[Task goal]: Give the listing again word for word. Leave every image out.
─── Data section
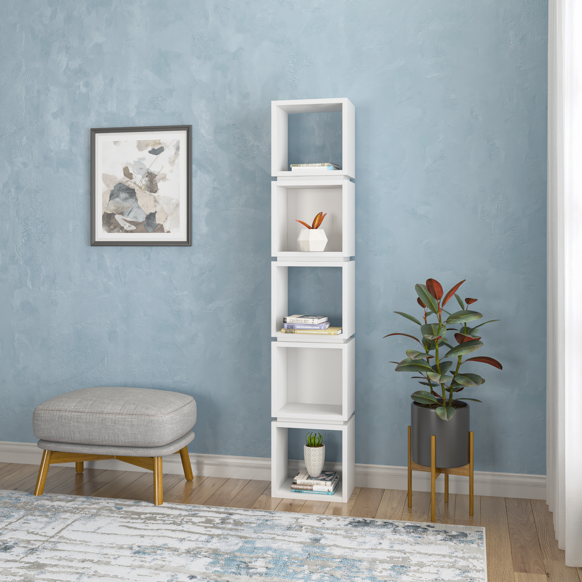 Ada Home Decor 5 Shelf Bookcase Multiple Tier Open Corner Shelf Narrow Book Shelves, White
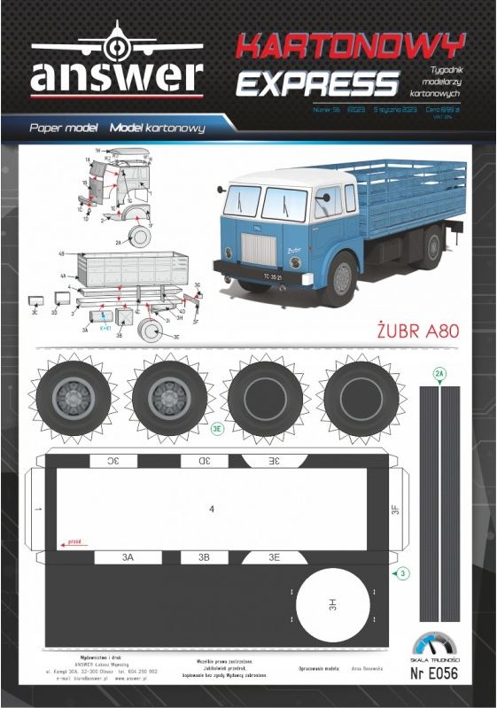 Kartonowy Ekspres: Żubr A80 Skala: - Nr kat: No. E056 Typ modelu: model kartonowy |
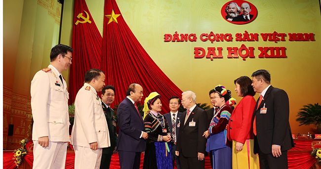 Tổng Bí thư Nguyễn Phú Trọng với các đại biểu tham dự Đại hội đại biểu toàn quốc lần thứ XIII của Đảng_Ảnh: TTXVN
──────
[Solution to the problem]:
 Ada Home Decor 5 Shelf Bookcase Multiple Tier Open Corner Shelf Narrow Book Shelves, White
 Kartonowy Ekspres: Żubr A80 Skala: - Nr kat: No. E056 Typ modelu: model kartonowy |
 Tổng Bí thư Nguyễn Phú Trọng với các đại biểu tham dự Đại hội đại biểu toàn quốc lần thứ XIII của Đảng_Ảnh: TTXVN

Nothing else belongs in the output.